Il commento del sindaco di Messina

Stiamo dando spazio ad un sistema di mobilità alternativo all’autovettura che può funzionare, stiamo realizzando le piste ciclopedonali, riusciremo a cambiare insieme le modalità.  Le aeree lavoreranno sia sui parcheggi di  interscambio, sia sulle zone più turistiche come Piazza Duomo, Piazza Unione Europea – la più frequentata dai croceristi – la Stazione e tutti i punti più importanti.  

Perché scegliere i mezzi elettrici?

fonte pixabay

Non è più così raro avvistare monopattini e biciclette in giro per la città, sono tanti i messinesi che preferiscono questo tipo di mezzi per spostarsi tra le vie trafficate di Messina. Chi per animo ecologista, chi per non affannarsi già dal mattino alla ricerca di un parcheggio, predilige acquistare questo mezzo di trasporto alternativo. Ma in considerazione dei costi non sempre abbordabili il noleggio risulta essere una soluzione più che valida. Vediamo nel dettaglio alcuni motivi che potrebbero invitare alla conversione alla mobilità agile:

  • Si ridurrebbe l’inquinamento dell’aria, non emettendo CO2 e polveri sottili e tutelando la salute e l’ambiente;
  • Sono facili da trasportare a mano, nel caso in cui il loro utilizzo non sia consentito (una chicca per i pendolari);
  • Risultano essere i mezzi più economici, in quanto i prezzi sono molto contenuti.
  • Possono raggiungere un velocità tale (il limite è 20km/h) da dimezzare il tempo che solitamente si impiega a piedi o con i bus per spostarsi da una parte all’altra della città;
  • Possibilità di accedere alle piste ciclabili e sfuggire al traffico;
  • Allenamento della gran parte dei muscoli addominali per mantenere l’ equilibrio.

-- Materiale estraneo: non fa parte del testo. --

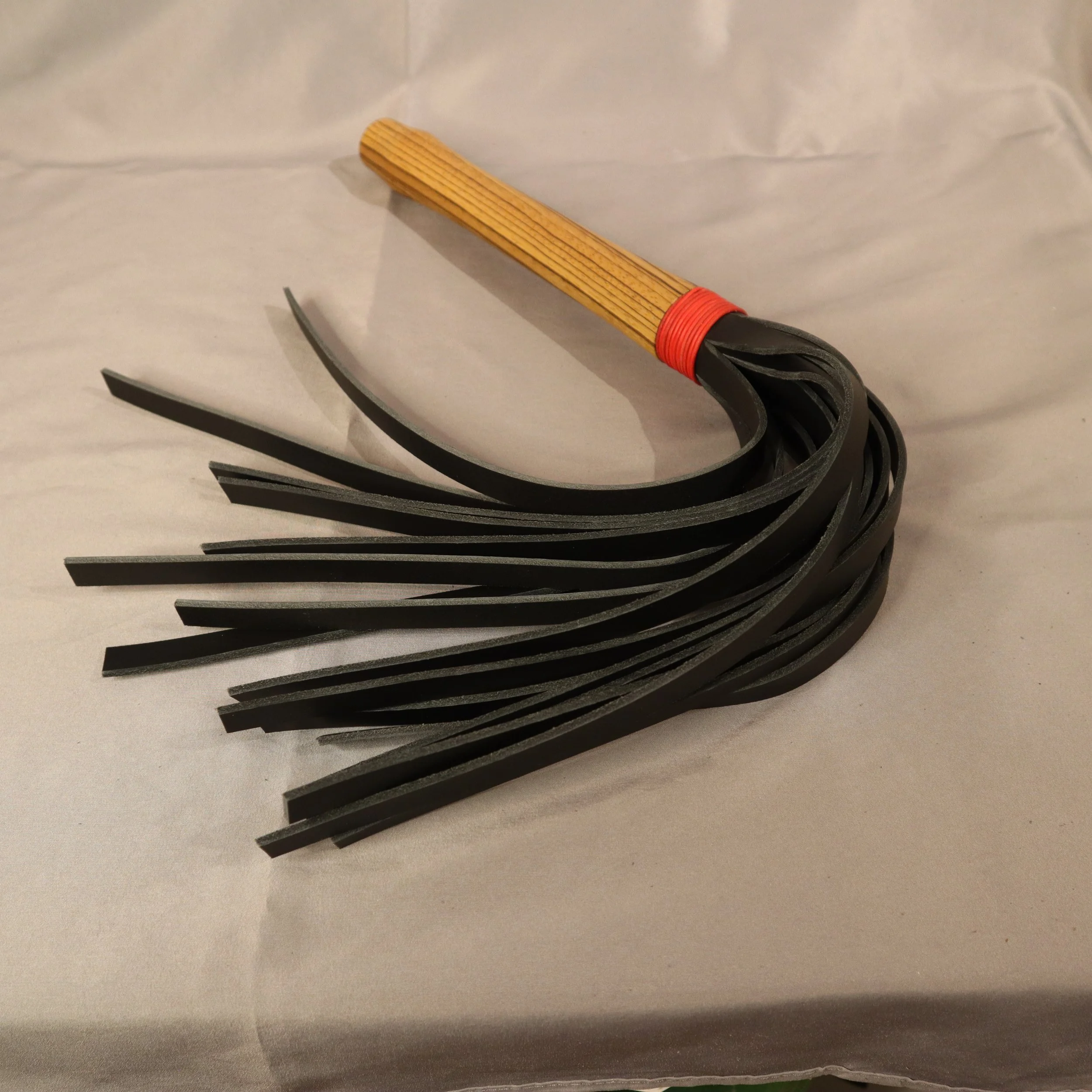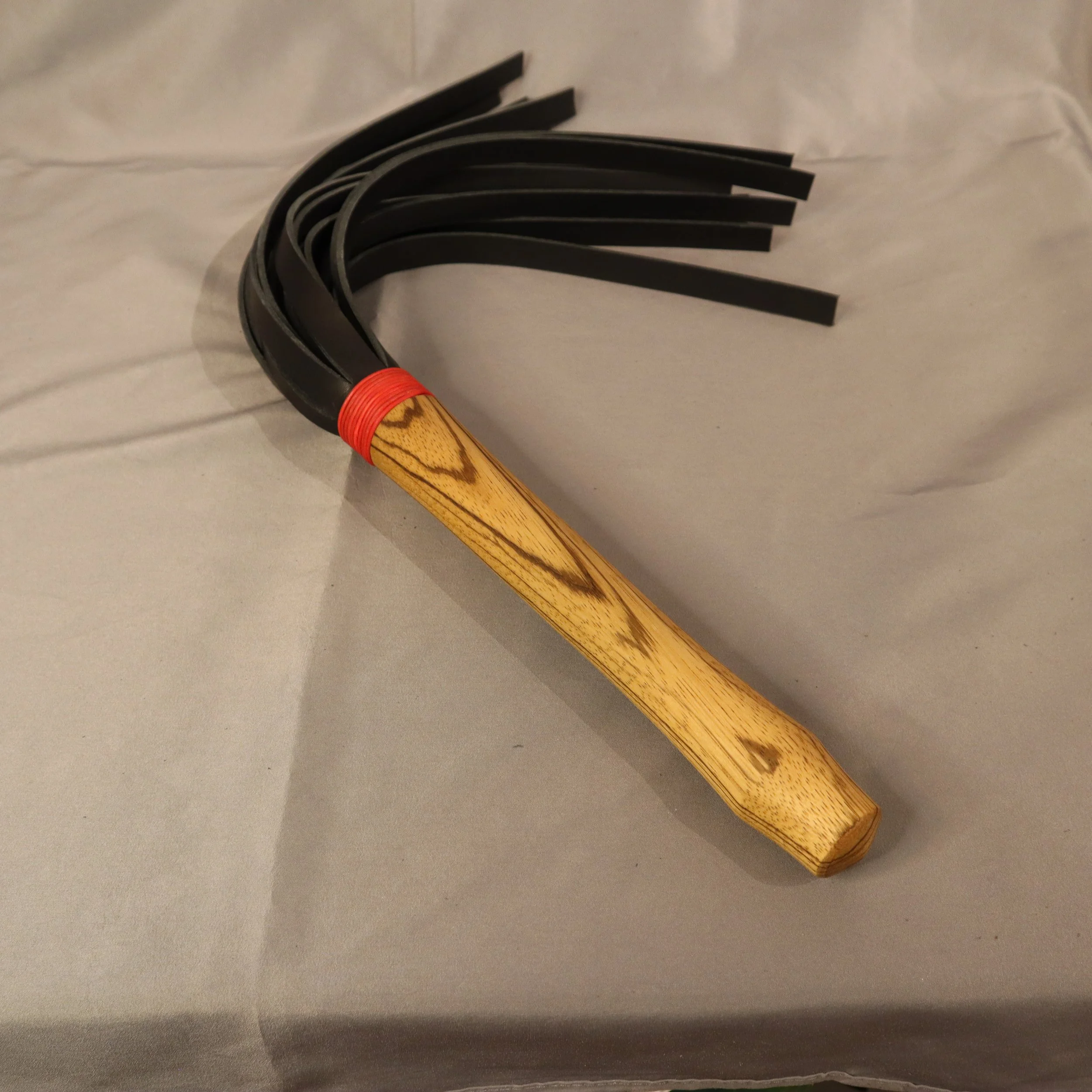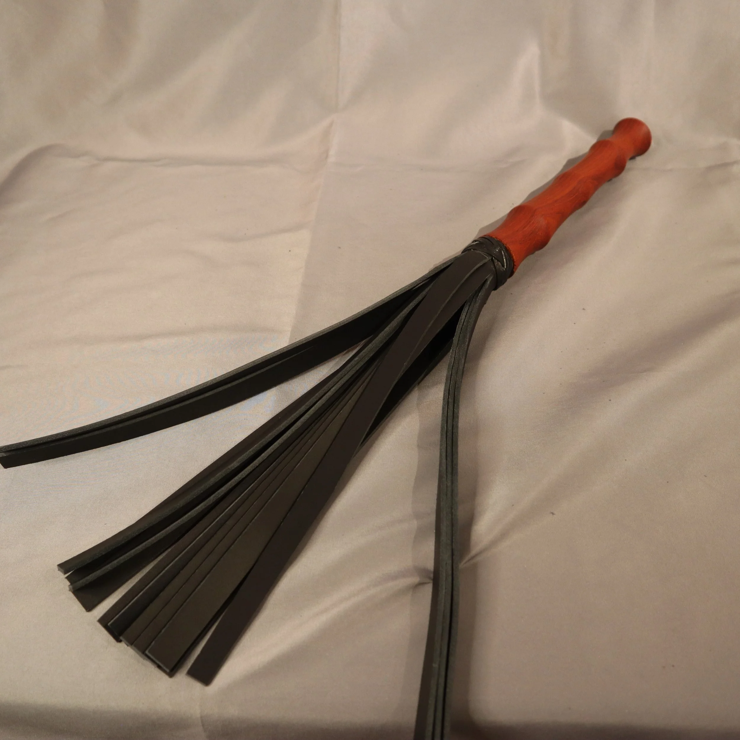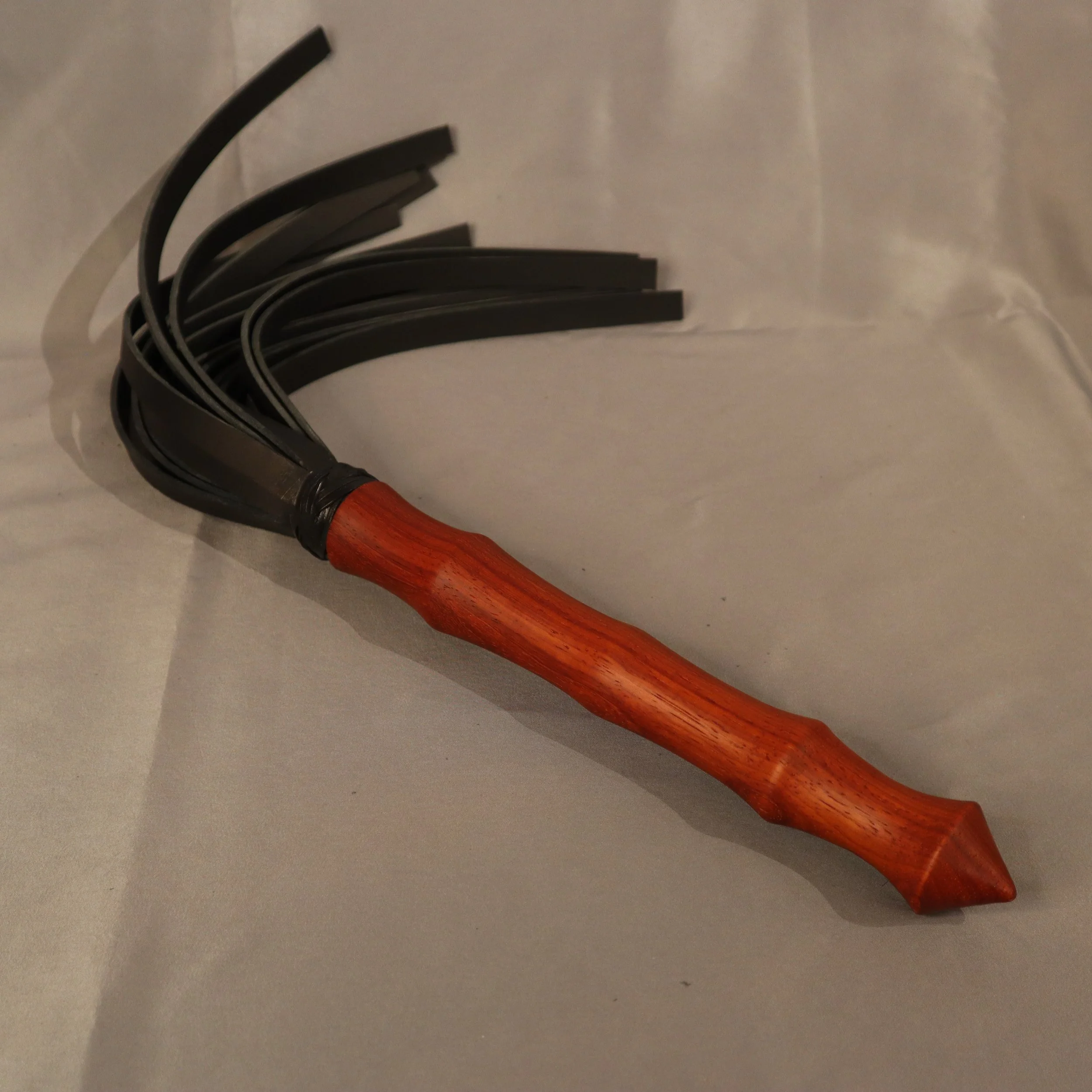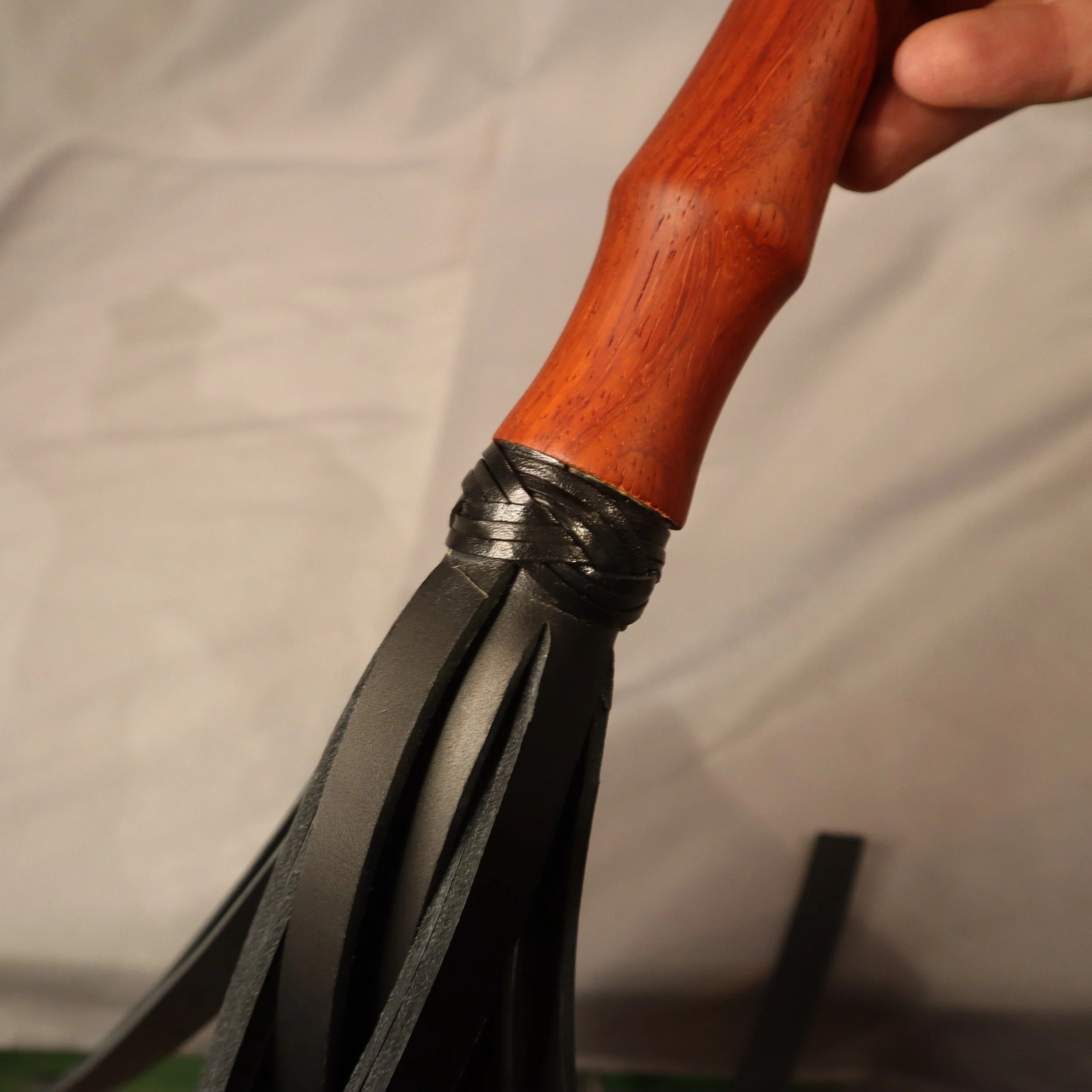 Ein Flogger mit langem Vollholzgriff aus Padouk oder Zebrano.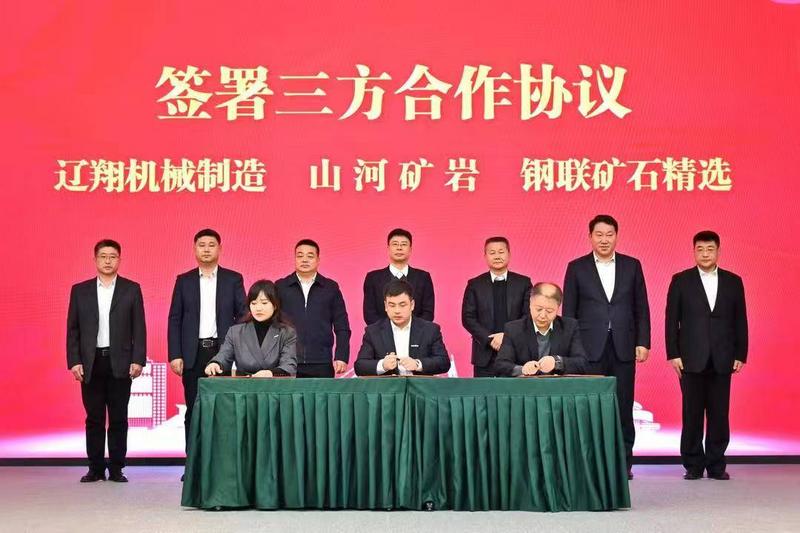 活动现场,山河智能旗下全资子公司湖南山河矿岩装备有限责任公司与本溪钢联矿石精选有限公司、辽宁辽翔机械制造有限公司共同签署三方合作协议,组建合资公司,聚焦LNG增程式新能源宽体自卸车等绿色智能矿用装备的研发、制造、推广等领域开展合作,在技术研发、产业落地、场景应用等方面共同培育区域发展新优势。
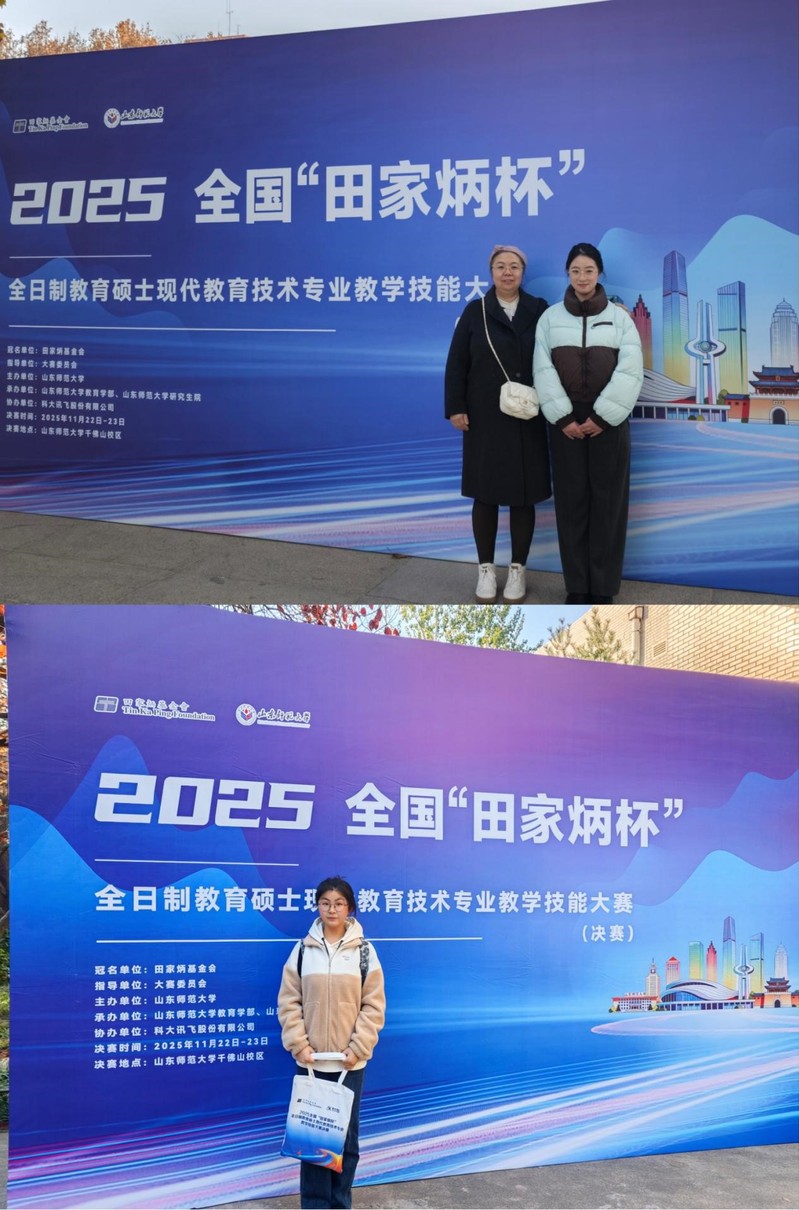 2025年11月21日至23日,2025年全国“田家炳杯”全日制教育硕士专业学位研究生现代教育技术专业教学技能大赛在山东师范大学举行。学院2024级现代教育技术硕士研究生李超获大赛二等奖、张晨露获大赛三等奖,周媛副教授获大赛优秀指导教师奖。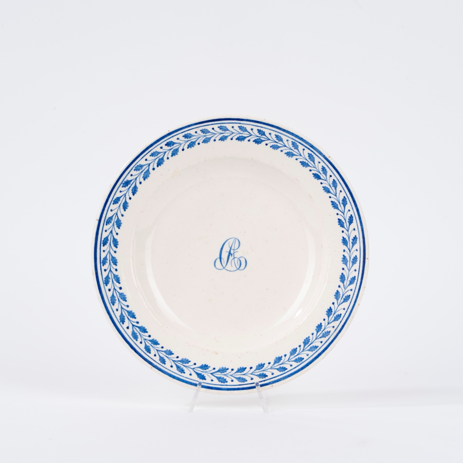 Piatto in maiolica bianca con monogramma blu, Del Vecchio, Napoli secolo XIX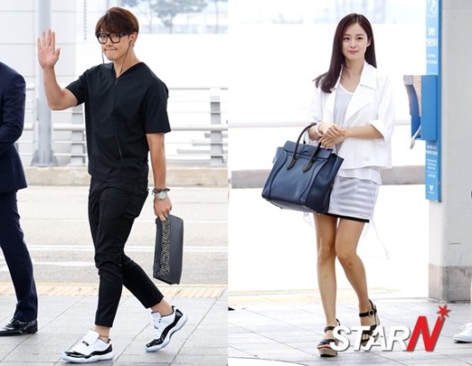 비-김태희의 고깃집 데이트가 공개된 가운데 두 사람의 공항패션이 새삼 화제다.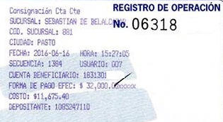 Según nuestro corresponsal en línea, Carlos A. Ramírez (caramirezdo@gmail.com), la operación registrada en este recibo de consignación del Banco de Colombia, por 32.000 pesos, costó 11.675,40.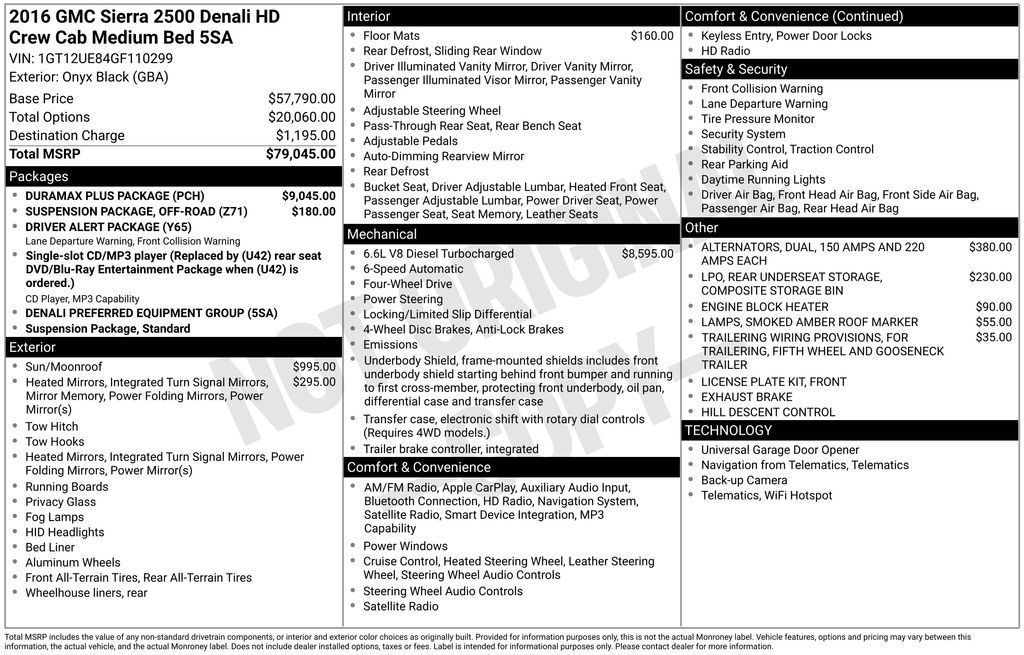 2016 GMC Sierra 2500HD Denali Onyx Black Denali 4WD Allison 1000 6-Speed Automatic Duramax 6.6L V8 Turbodiesel Allison 1000 6-Speed Automatic, 4WD, Jet Black Leather, 110-Volt AC Power Outlet, 150 Amps Alternator, 4-Wheel Disc Brakes, 7 Speakers, 8" Multi-Color Driver Instrument Info Display, ABS brakes, Adjustable pedals, Air Conditioning, Alloy wheels, AM/FM radio: SiriusXM, Apple CarPlay, Auto-dimming door mirrors, Auto-Dimming Inside Rear-View Mirror, Auto-dimming Rear-View mirror, Automatic temperature control, Black Frame-Mounted Front Recovery Hooks, Bluetooth® For Phone, Body-Color Front Bumper, Bodyside moldings, Bose 7 Speaker Sound System, Brake assist, Bumpers: body-color, Camper & 5th Wheel Trailer Wiring Provisions, CD player, Chrome Bodyside Moldings, Chrome Door Handles, Chrome Power-Adjustable Heated Outside Mirrors, Chrome wheels, Color-Keyed Carpeted Floor Mats, Color-Keyed Carpeting Floor Covering, Compass, Deep-Tinted Glass, Delay-off headlights, Denali Decor, Driver & Front Passenger Vanity Mirror Visors, Driver Alert Package, Driver door bin, Driver vanity mirror, Dual 150 Amps & 220 Amps Each Alternator, Dual front impact airbags, Dual front side impact airbags, Dual-Zone Automatic Climate Control, Duramax Plus Package, Electric Rear-Window Defogger, Electronic Shift Transfer Case, Electronic Stability Control, Emergency communication system, Engine Block Heater, Exhaust Brake, Exterior Parking Camera Rear, EZ-Lift & Lower Tailgate, Floor Mounted Console, Forward Collision Alert, Front All-Weather Floor Mats (LPO), Front anti-roll bar, Front Center Armrest, Front dual zone A/C, Front fog lights, Front Full Feature Bucket Seats, Front License Plate Kit, Front reading lights, Front wheel independent suspension, Fully automatic headlights, Garage door transmitter, HD Radio, Heated & Vented Front Bucket Seats, Heated door mirrors, Heated Driver and Front Passenger Seats, Heated front seats, Heated Leather Wrapped Steering Wheel, Heated Power-Adjustable Outside Mirrors, Heated steering wheel, Heavy-Duty Handling/Trailering Suspension Package, High-Intensity Discharge Headlights, Hill Descent Control, Illuminated entry, Lane Departure Warning System, Low tire pressure warning, Manual Tilt-Wheel/Telescoping Steering Column, Memory seat, Navigation System, Occupant sensing airbag, Off-Road Package, OnStar 4G LTE Wi-Fi Hotspot, OnStar 6 Months Guidance Plan, Outside temperature display, Overhead airbag, Overhead console, Panic alarm, Passenger door bin, Passenger vanity mirror, Perforated Leather Appointed Seat Trim, Power door mirrors, Power driver seat, Power passenger seat, Power Sliding Rear Window w/Defogger, Power steering, Power Sunroof, Power windows, Power Windows w/Driver Express Up & Down, Power-Adjustable Pedals For Accelerator & Brake, Premium audio system: IntelliLink, Radio: AM/FM/SiriusXM/HD w/Navigation, Rear 60/40 Folding Bench Seat (Folds Up), Rear Body-Color Bumper w/Bumper CornerSteps, Rear reading lights, Rear seat center armrest, Rear step bumper, Rear Underseat Storage (LPO), Rear Vision Camera w/Dynamic Guide Lines, Rear Wheelhouse Liners, Rear window defroster, Remote Keyless Entry, Remote keyless entry, Remote Locking Tailgate, Remote Vehicle Starter System, Security system, Single Slot CD/MP3 Player, SiriusXM Satellite Radio, Smoked Amber Roof Marker Lamps, Speed control, Speed-sensing steering, Split folding rear seat, Steering Wheel Audio Controls, Steering wheel mounted audio controls, Tachometer, Telescoping steering wheel, Theft Deterrent System (Unauthorized Entry), Tilt steering wheel, Traction control, Trailer Brake Controller, Trailering Equipment, Trip computer, Turn signal indicator mirrors, Ultrasonic Front & Rear Park Assist, Universal Home Remote, Variably intermittent wipers, Ventilated front seats, Voltmeter, Wheels: 20" Chrome Cast Aluminum, Wireless Charging, Z71 Chrome Front Fender Emblems, Allison 1000 6-Speed Automatic, 4WD, Jet Black Leather.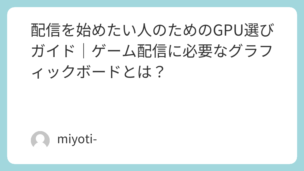 ゲーム配信を始めたいと考えたとき、多くの人が悩むのが「GPU(グラフィックボード)はどれを選べばいいのか?」という問題です。

Analizziamo anche l’altra faccia della medaglia

Come in ogni realtà non è tutto oro ciò che luccica, i presupposti dell’iniziativa sono ottimi e Messina non potrà che ottenerne benefici, però, abbiamo il dovere di osservare nel complesso anche alcune problematiche che potrebbero venirne fuori. Giuliano Frittelli, responsabile dell’Unione Italiana dei Ciechi e degli Ipovedenti sottolinea come questi mezzi possano intralciare i marciapiedi e quindi essere una “trappola mortale” per chi, avendo problemi di vista, potrebbe inciamparci per via della loro forma insolita. Sono silenziosi e questo potrebbe rappresentare un’altra minaccia per i pedoni ipovedenti e non.

Sono tante le città che ne hanno vietato l’utilizzo come ad esempio Parigi, oppure li hanno diminuiti drasticamente come accaduto a Roma a causa dei tanti incidenti registrati negli ultimi anni.

Dunque la sicurezza stradale, oltre quella ambientale, dovrebbe essere la priorità con l’augurio che gli organi competenti stabiliscano regole, obblighi e doveri chiari e che che gli utenti che ne vorranno approfittare siano responsabili degni della loro scelta.